HealthWatch: LV Lead Placement

Green Bay (WFRV) At least 2.7 million Americans are living with atrial fibrillation- a quivering or irregular heartbeat.
Many times the condition can be controlled with an ablation or medications. But if those measures fail, there is another way to treat it. 
 
Bernie Larson has atrial fibrillation. She used medications and underwent multiple ablations over the years to control this rhythm problem, before meeting Dr.Sheikh.
Bernie's disease process progressed to permanent A-fib so she needed a different type of pacemaker to control her symptoms.
 
The 70-year-old Bernie is back in the swing of things.  Now that she has the energy to hit the ball, "A lot easier I can walk a lot easier now and not be short of breath."
 
Bernie was diagnosed with atrial fibrillation when she was fifty.  Over the years she's  had multiple procedures and medications but couldn't regulate her condition.
 
"Unfortunately for her we tried ablation procedures in the past and other medications to try to control the atrial fibrillation but for her she would revert back to atrial fibrillation," said Dr. Imran Sheikh, electrophysiologist, cardiovascular disease specialist, Aurora BayCare Medical Center. 
 
Bernie began to notice her symptoms returning, "Last summer I was noticing short of breath, swelling and kind of hard to walk."
 
It was keeping her from enjoying life, "I didn't have a lot of energy steps were mostly the killer just trying to do a lot of every day stuff that requires more energy," said Bernie.
 
So she went to see electrophysiologist Dr.
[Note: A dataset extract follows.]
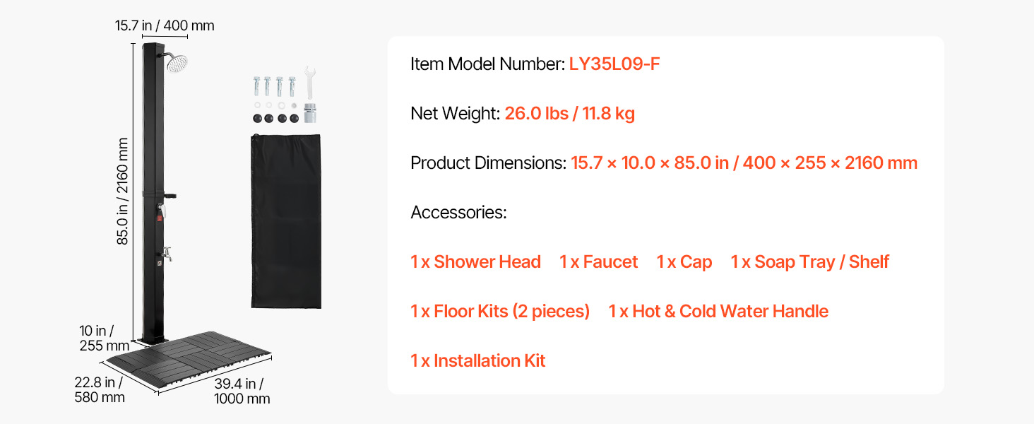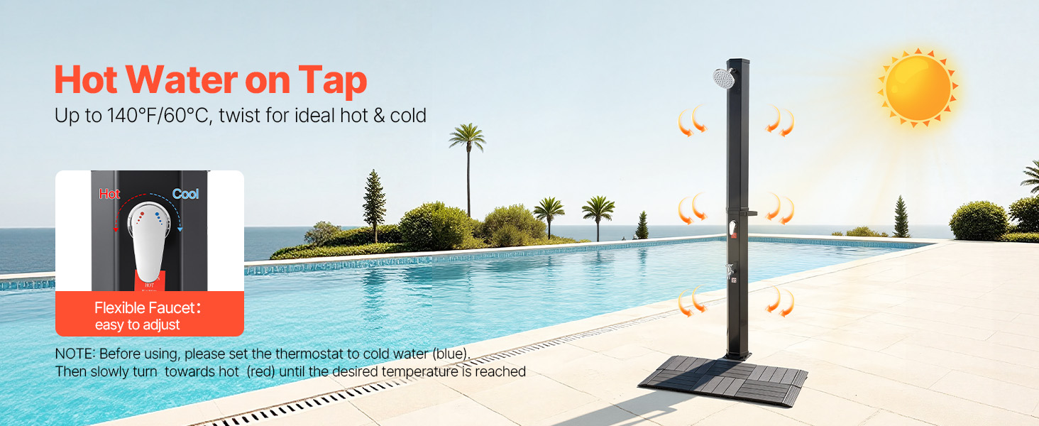 Zmiešajte teplú a studenú vodu, aby ste dosiahli preferované nastavenie. Súčasťou je odnímateľný ručný postrekovač a základňa na oplachovanie nôh. Voda sa môže pri silnom slnečnom svetle zohriať až na 60 °C / 140 °F.

Imran Sheikh at Aurora BayCare Medical Center, a cardiovascular disease specialist, "Atrial fibrillation is basically chaotic electrical activity in the heart. It can cause symptoms of palpitations, jitteriness, anxiety and it can cause heart failure," explained Dr. Sheikh.
 
Which happened in Bernie’s case, "She developed cardiomyopathy which means her heart function decreased and that can be blamed for her symptoms her shortness of breath, fatigue, exercise intolerance," explained Dr. Sheikh.
 
Dr. Sheikh recommended upgrading her pacemaker to a biventricular pacemaker- with two leads placed in the bottom of each side of the heart, "So she has a wire here and she has a wire on this side of the heart so that's how you can pump with more efficiency, right ventricle, left ventricle and now we pump with synchrony because we now have two wires controlling the pacing of the heart," explained Dr. Sheikh.
 
Keeping Bernie’s heart pumping despite her permanent AF rhythm and back to doing the things she loves, "It did the trick, I think I have a lot more energy, I'm not as short of breath and I don't  have any swelling anymore," Bernie said happily.
 
If atrial fibrillation goes untreated it can cause stroke, heart failure or severe debilitating symptoms.